2.  zasądza od pozwanego na rzecz powódki kwotę 1258,02 zł (tysiąc dwieście pięćdziesiąt osiem złotych dwa grosze) tytułem zwrotu kosztów postępowania odwoławczego.

SSR (del.) Łukasz Malinowski SSO Magdalena Hupa-Dębska SSO Gabriela Sobczyk

UZASADNIENIE

Powódka (...) S.A. z siedzibą w K. domagała się zasądzenia od pozwanego W. G. kwoty 2043,22 zł z ustawowymi odsetkami od dnia 23 lipca 2013 roku do dnia zapłaty oraz zwrotu kosztów procesu według norm przepisanych. W uzasadnieniu powódka podała, że w dniu 20 maja 2014 roku podczas kontroli instalacji elektrycznej w lokalu pozwanego stwierdzono uszkodzenie plomb legalizacyjnych na liczniku. Pobór pobranego prądu wyniósł 4,3 A. W wyniku przeprowadzonych czynności stwierdzono, że tarcza wirnika była blokowana, co wpłynęło na zaniżenie zużycia energii elektrycznej, a powyższe pozwoliło na stwierdzenie, że strona pozwana dokonała nielegalnego poboru energii elektrycznej.

Wobec skutecznego wniesienia sprzeciwu przez pozwanego, wydany w elektronicznym postępowaniu upominawczym nakaz zapłaty utracił moc.
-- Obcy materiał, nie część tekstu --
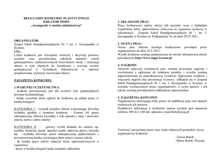 REGULAMIN KONKURSU PLASTYCZNEGO KREATOR MODY „Awangarda w modzie młodzieżowej” ORGANIZATOR: Zespół Szkół Ponadgimnazjalnych Nr 1 im. J. Szczepanika w Krośnie. CEL: Celem konkursu jest rozwijanie twórczej i aktywnej postawy uczniów oraz pozyskiwanie młodych talentów wśród gimnazjalistów zainteresowanych kreowaniem mody i stylizacją ubioru w tym chętnych do kształcenia i rozwoju swoich predyspozycji w Technikum Odzieżowym w zakresie projektowania, stylizacji i kreowania ubioru. ZAŁOŻENIA KONKURSU 1.WARUNKI UCZESTNICTWA: - konkurs przeznaczony jest dla uczniów klas gimnazjalnych powiatu krośnieńskiego . - każdy uczestnik może zgłosić do konkursu po jednej pracy w każdej kategorii. KATEGORIA I – rysunek projektu ubioru wykonanego dowolną techniką zgodnie z tematem konkursu – Format A4 ,praca zabezpieczona foliową koszulką z tyłu opisana ( imię i nazwisko autora, nazwa i adres szkoły) KATEGORIA II gotowy wyrób dodatku do odzieży np. torebka, biżuteria, pasek, apaszka szalik, nakrycie głowy, broszka itp. – technika dowolna, praca zabezpieczona opakowaniem z przymocowaną kartkę zawierającą dane autora i nazwę szkoły. - do każdej pracy należy załączyć kartę zgłoszeniową(wzór w regulaminie) - prace w każdej kategorii będą ocenianie oddzielnie 2. SKŁADANIE PRAC: Prace konkursowe należy złożyć lub przesłać wraz z dokładnie wypełnioną kartą zgłoszeniową (dołączoną do regulaminu konkursu) w sekretariacie Zespołu Szkół Ponadgimnazjalnych Nr 1 im. J. Szczepanika w Krośnie ul. Podkarpacka 16, do dnia 29.IV.2011 . 3. OCENA PRAC: Oceny prac dokona komisja konkursowa powołana przez organizatorów do dnia 10.V.2011 . Wyniki konkursu zostaną zamieszczone na stronie internetowej szkoły pod adresem: http://www.zspg1.krosno.pl 4. NAGRODY Autorom najwyżej ocenionych prac zostaną przyznane nagrody i wyróżnienia a zgłoszone do konkursu projekty i wyroby zostaną zaprezentowane na pokonkursowej wystawie. Ogłoszenie wyników i wręczenie nagród oraz prezentacja wystawy odbędzie się w Zespole Szkół Ponadgimnazjalnych Nr 1 im. J. Szczepanika w Krośnie, w terminie wyznaczonym przez organizatorów, o czym autorzy i ich szkoły zostaną powiadomieni oddzielnym zaproszeniem. 5. ZAŁOŻENIA KOŃCOWE Organizatorzy zastrzegają sobie prawo do publikacji prac oraz danych osobowych ich autorów. Dodatkowe informacje o konkursie można uzyskać pod numerem telefonu 509-412-188 lub adresem e-mail [email protected] Twórczej i przyjemnej pracy oraz wielu ciekawych pomysłów życzą organizatorzy konkursu: -Teresa Belcik -Marta Bożek- Pocenty

W sprzeciwie pozwany wniósł o oddalenie powództwa w całości oraz zasądzenie od powódki poniesionych kosztów postępowania. Pozwany przyznał, że w istocie miała miejsce kontrola instalacji elektrycznej w budynku, w którym znajduje się jego lokal, jednakże liczniki znajdują się poza jego mieszkaniem, na klatce budynku – stanowiącej część wspólną. Wobec powyższego pozwany nie jest odpowiedzialny za uszkodzenie licznika, a ciężar dowodu w tym zakresie spoczywa na powódce. W ocenie pozwanego to na wspólnocie mieszkaniowej ciążyła odpowiedzialność za prawidłowe zabezpieczenie liczników położonych na klatce, a zatem nielegalny pobór energii nastąpił z wyłącznej winy wspólnoty oraz zarządcy.

Zaskarżonym wyrokiem z dnia 28 kwietnia 2015r. Sąd rejonowy w Zabrzu oddalił powództwi i zasądził od powoda na rzecz pozwanego kwotę 617zł tytułem zwrotu kosztów postępowania.
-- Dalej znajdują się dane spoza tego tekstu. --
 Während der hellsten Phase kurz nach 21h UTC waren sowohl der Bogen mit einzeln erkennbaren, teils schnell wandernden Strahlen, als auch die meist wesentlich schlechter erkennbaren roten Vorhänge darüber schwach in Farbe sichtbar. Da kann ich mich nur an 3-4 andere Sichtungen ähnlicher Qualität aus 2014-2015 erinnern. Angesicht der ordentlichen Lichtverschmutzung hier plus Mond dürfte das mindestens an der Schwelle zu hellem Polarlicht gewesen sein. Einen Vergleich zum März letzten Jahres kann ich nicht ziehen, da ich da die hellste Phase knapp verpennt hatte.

Sąd Rejonowy ustalił, że w dniu 1 września 2001 roku W. G. zawarł z (...) S.A. w G. umowę o sprzedaż energii elektrycznej i świadczenie usług przesyłowych do lokalu mieszkalnego położonego w Z. przy ulicy (...) i tym samym stał się odbiorcą energii elektrycznej. W dniu 20 maja 2013 roku upoważnieni przedstawiciele (...) S.A. w G. E. S. i G. W. przeprowadzili kontrolę liczników w budynku zamieszkałym przez pozwanego. W toku kontroli stwierdzono brak plomb legalizacyjnych oraz brak plomby monterskiej w liczniku (...) nr (...) STAN (...) z roku 1994 roku. Licznik wybudowano i zapakowano do worka bezpiecznego. W miejsce wybudowanego licznika, wbudowano nowy oraz założono plombę. Dokonano pomiaru pobranej energii elektrycznej – 4,2 A.

Powódka zleciła wykonanie ekspertyzy licznika, z której wynika, że usunięto plomby legalizacyjne, a ich brak umożliwił swobodny demontaż pokrywy licznika i nieograniczony dostęp do wewnętrznych elementów licznika; mechanicznie blokowano też tarczę wirnika.
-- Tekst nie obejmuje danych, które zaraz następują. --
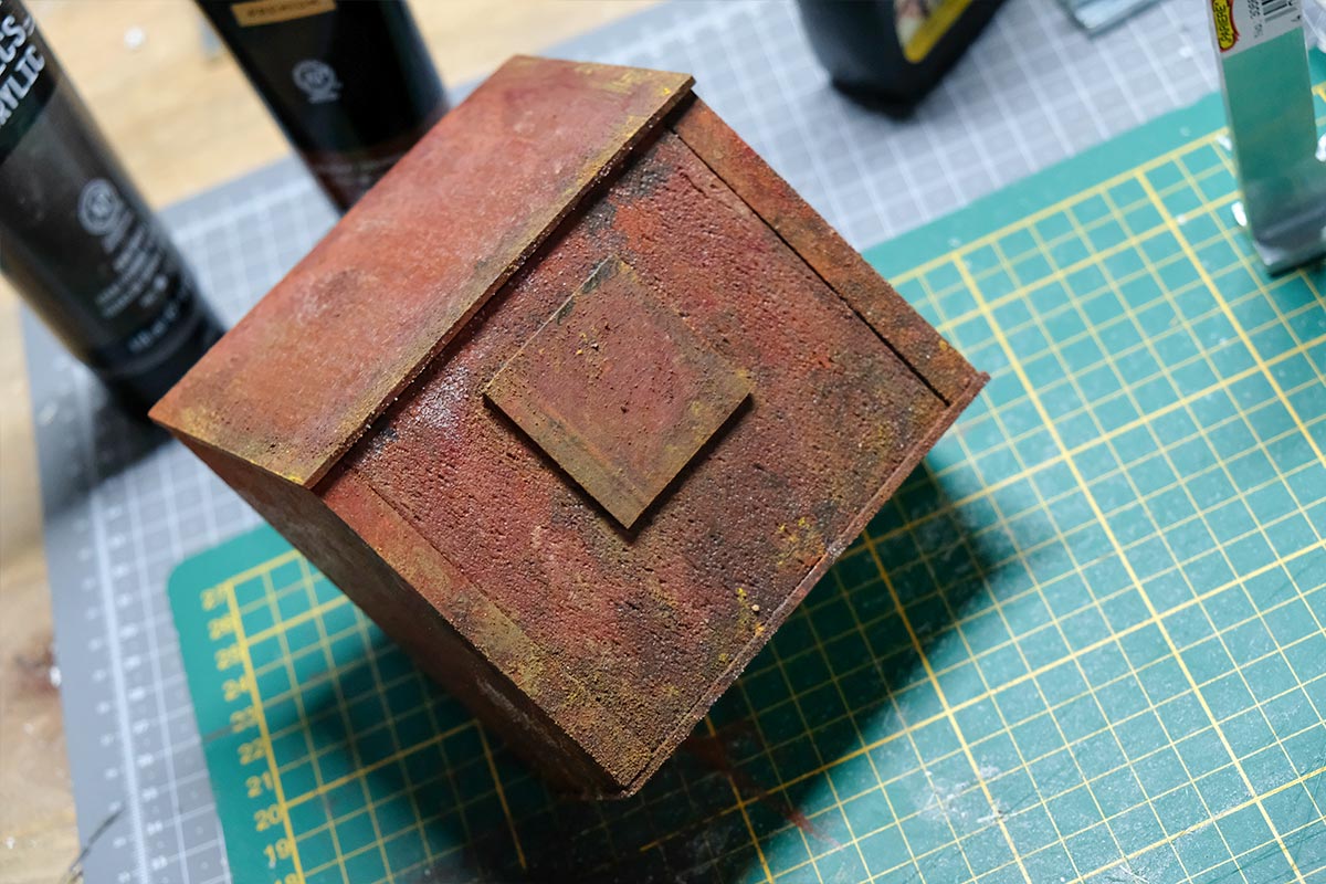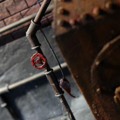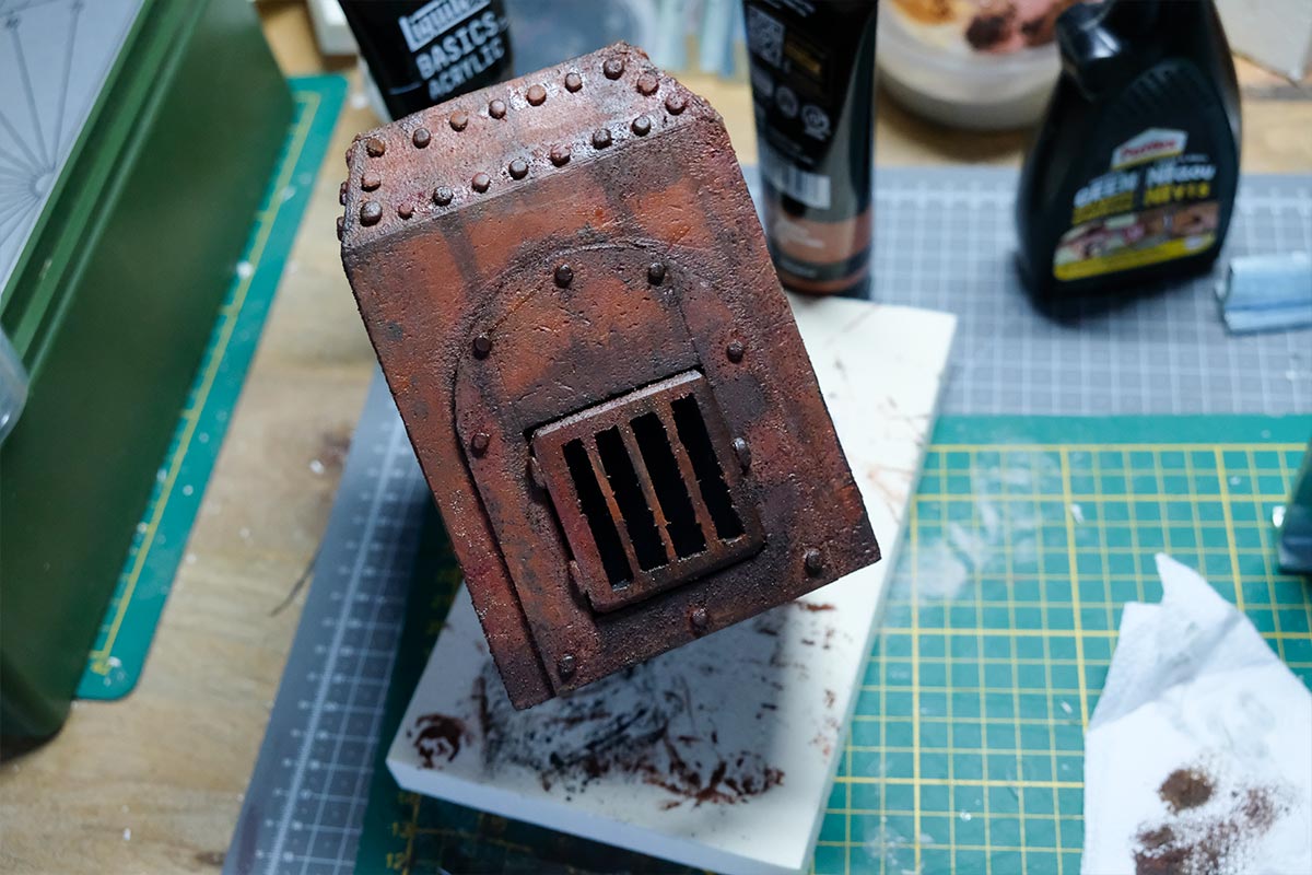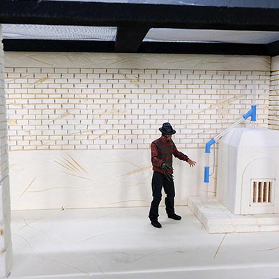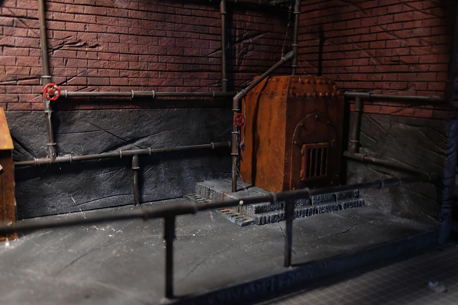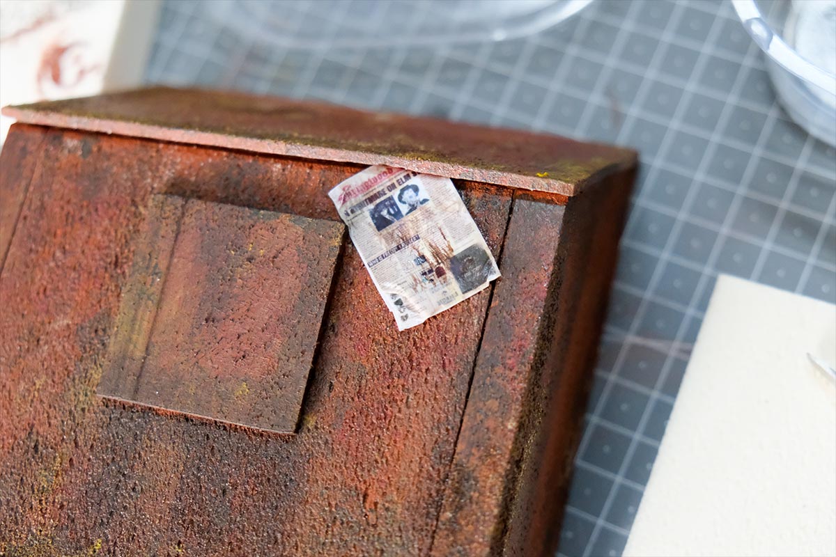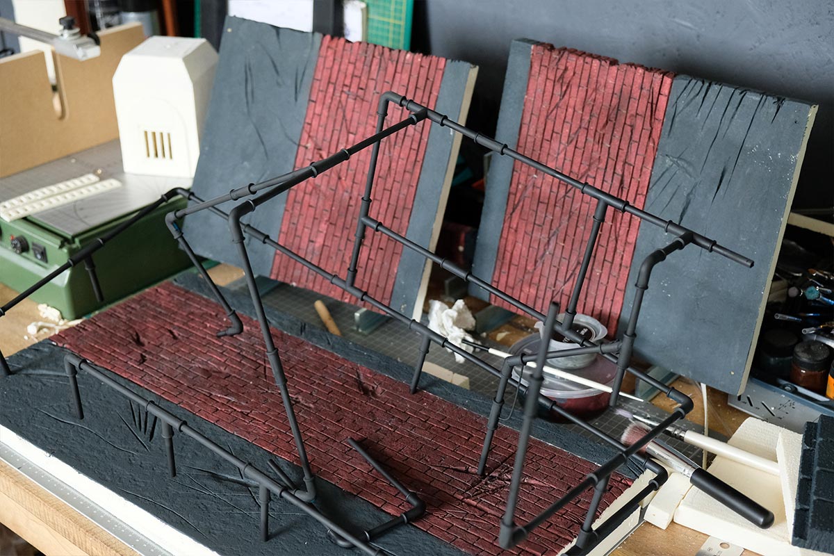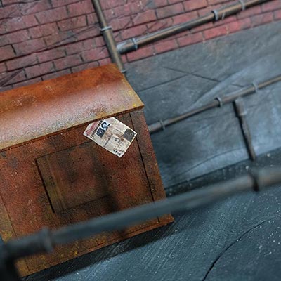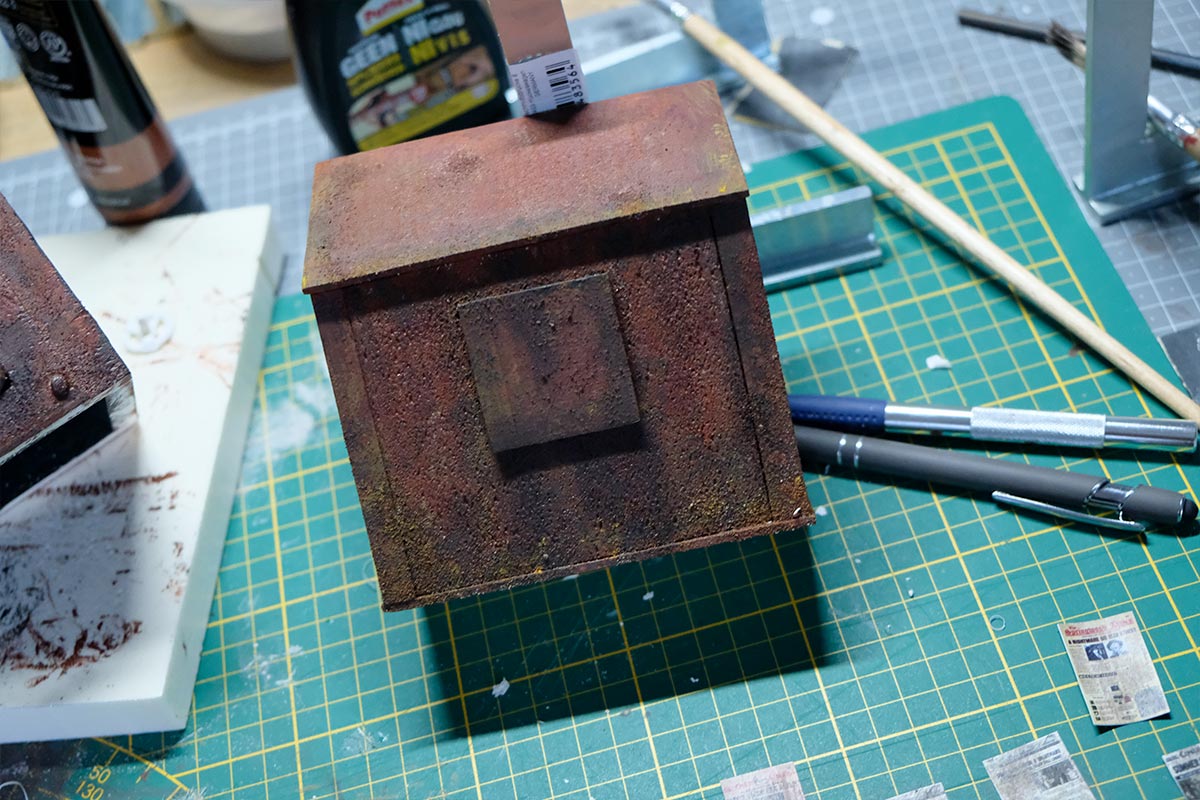 Les entailles, fissures et briques sont faites avec un fer à souder dont la lame est un "bistouri". La texture sur les briques est réalisée grâce à une boulette d'aluminium. La couleur toujours à base d'acrylique. Un peu de sable blanc pour donner l'effet de texture du salpêtre à la base des murs.

Sąd Rejonowy ustalił, że opisywany licznik znajduje się w zbiorczej skrzynce pomiarowej na klatce budynku, w którym lokal posiada pozwany, w części wspólnej nieruchomości. Jest usytuowany ok. 3 metrów od drzwi wejściowych do mieszkania pozwanego. Drzwiczki szafki, w której mieszczą się liczniki są otwarte, niezabezpieczone począwszy od remontu przeprowadzonego w budynku w 2009 roku. Żona pozwanego telefonicznie informowała powódkę o braku zabezpieczeń, pozwany informował o wyłamaniach zamka do szafki. Sąd Rejonowy ustalił, że pozwany nigdy nie ingerował w licznik, nie zna się na jego budowie, nie zlecał nikomu takich działań. Wskaźnik średniego dziennego zużycia energii dla lokalu pozwanego utrzymywał się w ostatnich latach na podobnym poziomie (rok 2010 – 4,1, lata 2011-2013 – pomiędzy 3,2 a 3,6). Rachunki pozwanego oscylowały na podobnym poziomie, tj. 130-135 zł .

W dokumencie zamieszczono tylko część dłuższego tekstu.